- INFORMATION SUPPLIED:
+++++
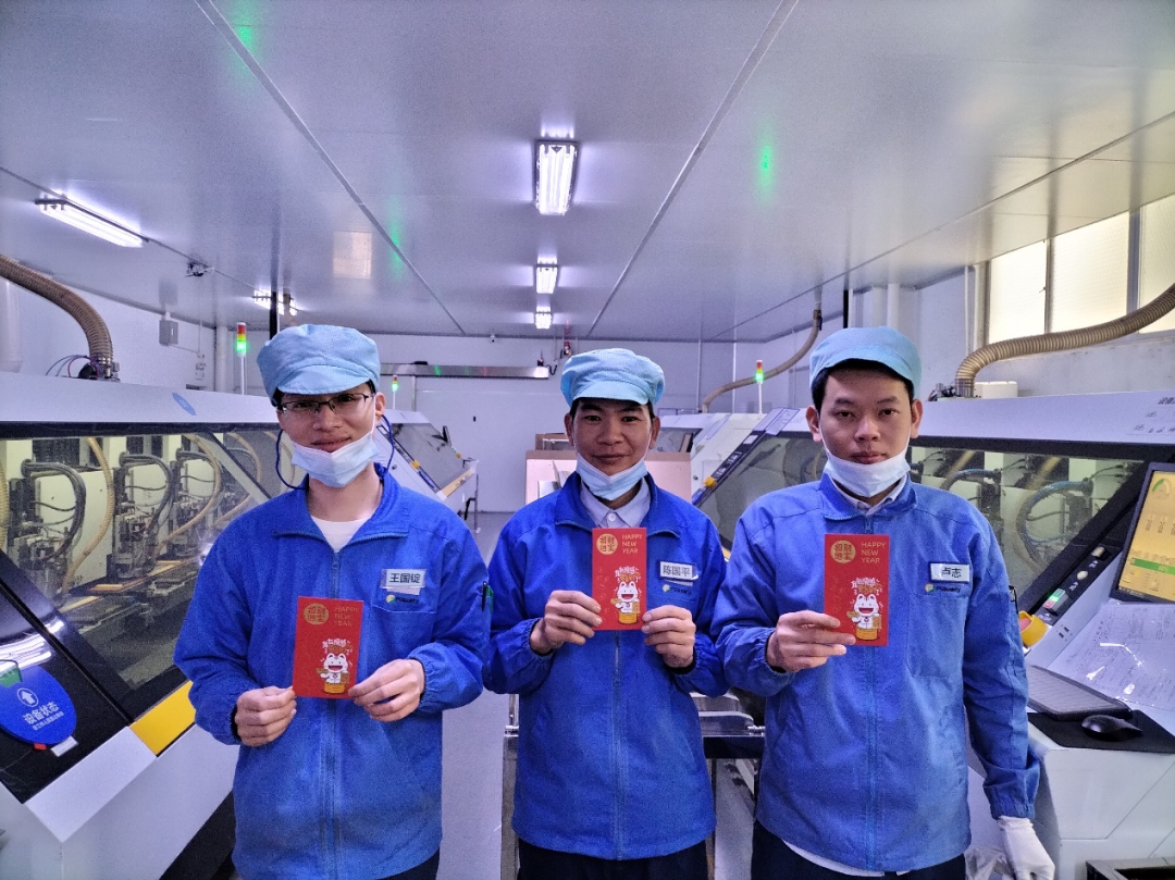 为满足客户快速增长的订单需求,春节期间,富仕电子生产部门虽然放假三天进行设备维护保养,但仍安排部分产线和人员随时响应客户的紧急订单。
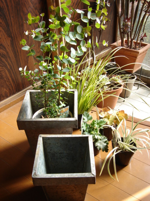 後ろの大きな゛かめ゛は、相方実家で、底が割れて、裏庭に打ち捨てられていたものをもらってきたもの。(やっぱり)
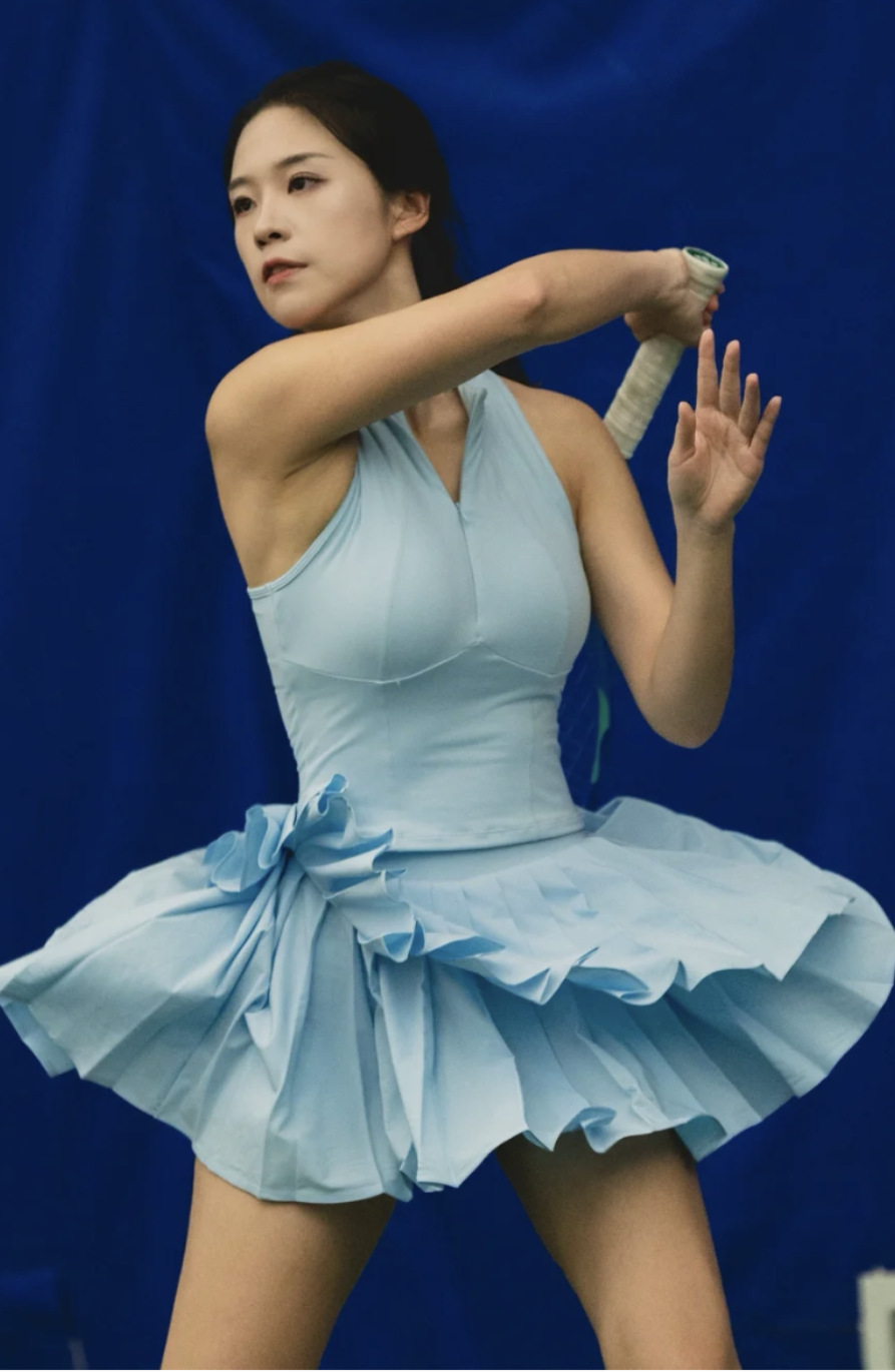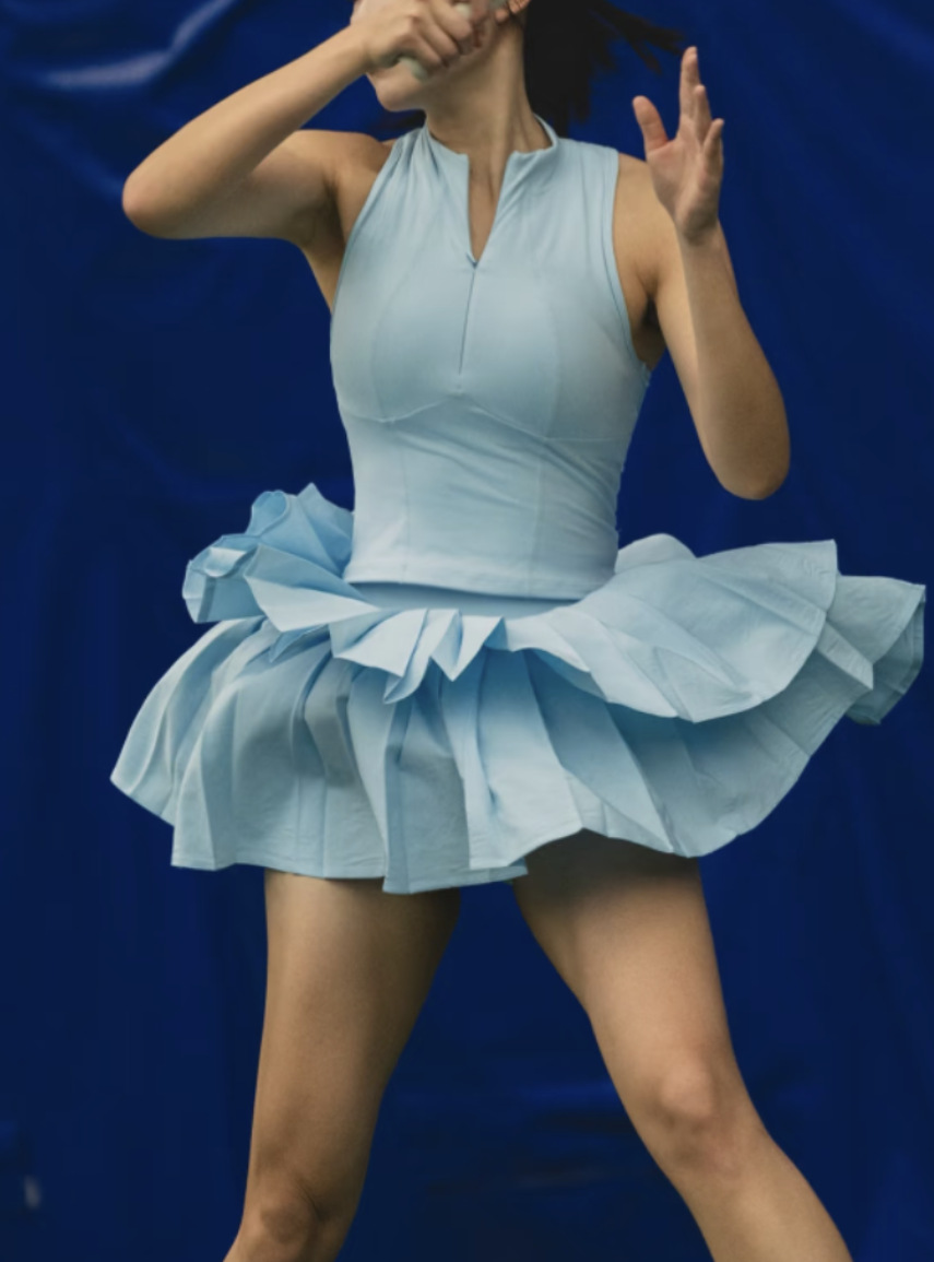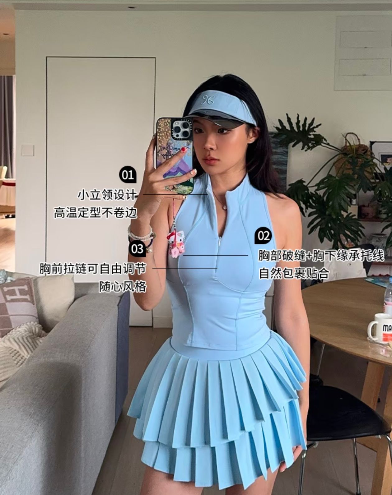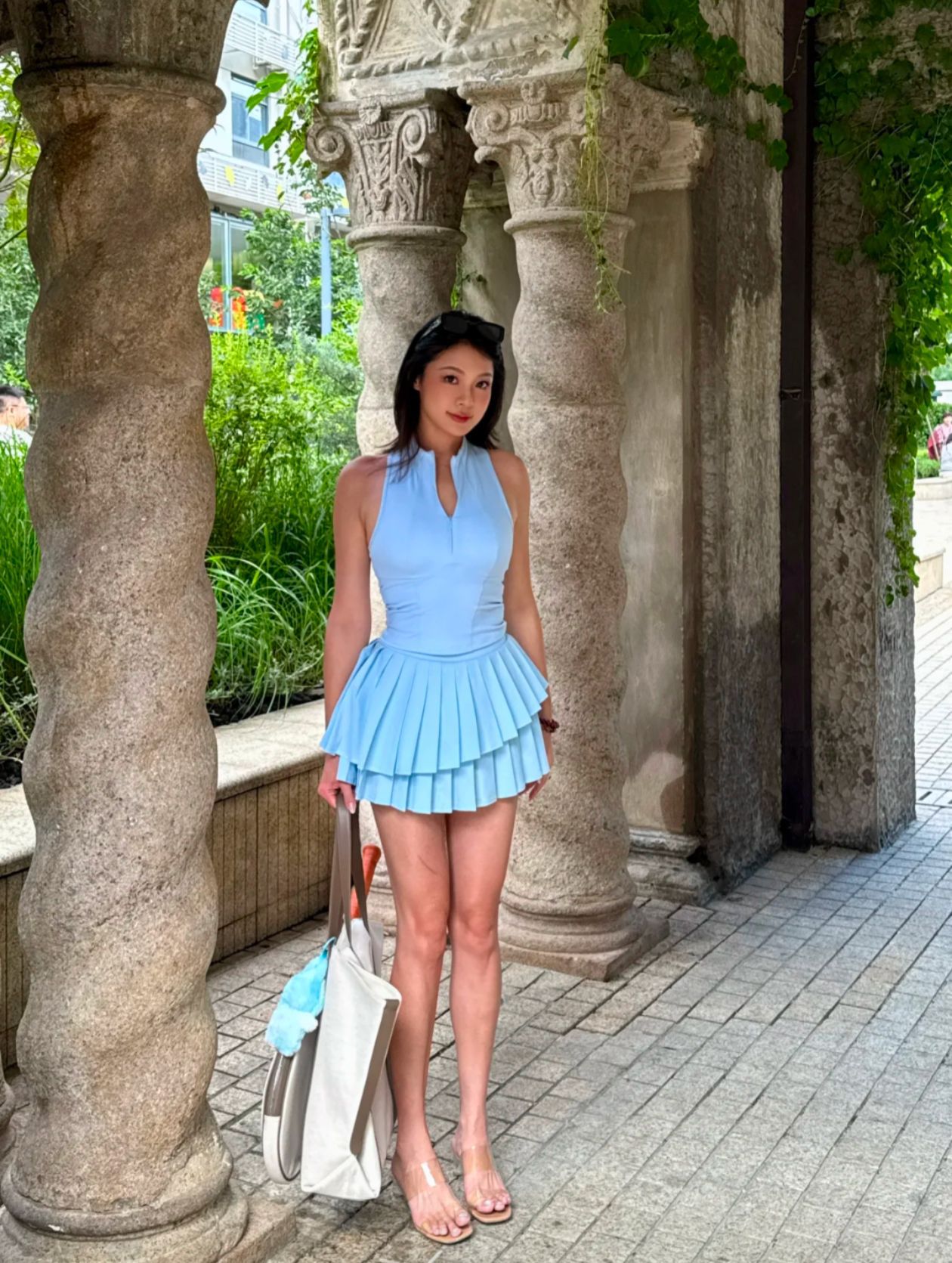 Кремово-желтый топ; небесно-голубой верх; Кремовая плиссированная юбка; небесно-голубая плиссированная юбка
+++++
- WORK TO BE COMPLETED:
From the first line to the last, repeat the data above exactly and leave the pictures out.

- TASK SOLUTION:
 为满足客户快速增长的订单需求,春节期间,富仕电子生产部门虽然放假三天进行设备维护保养,但仍安排部分产线和人员随时响应客户的紧急订单。
 後ろの大きな゛かめ゛は、相方実家で、底が割れて、裏庭に打ち捨てられていたものをもらってきたもの。(やっぱり)
 Кремово-желтый топ; небесно-голубой верх; Кремовая плиссированная юбка; небесно-голубая плиссированная юбка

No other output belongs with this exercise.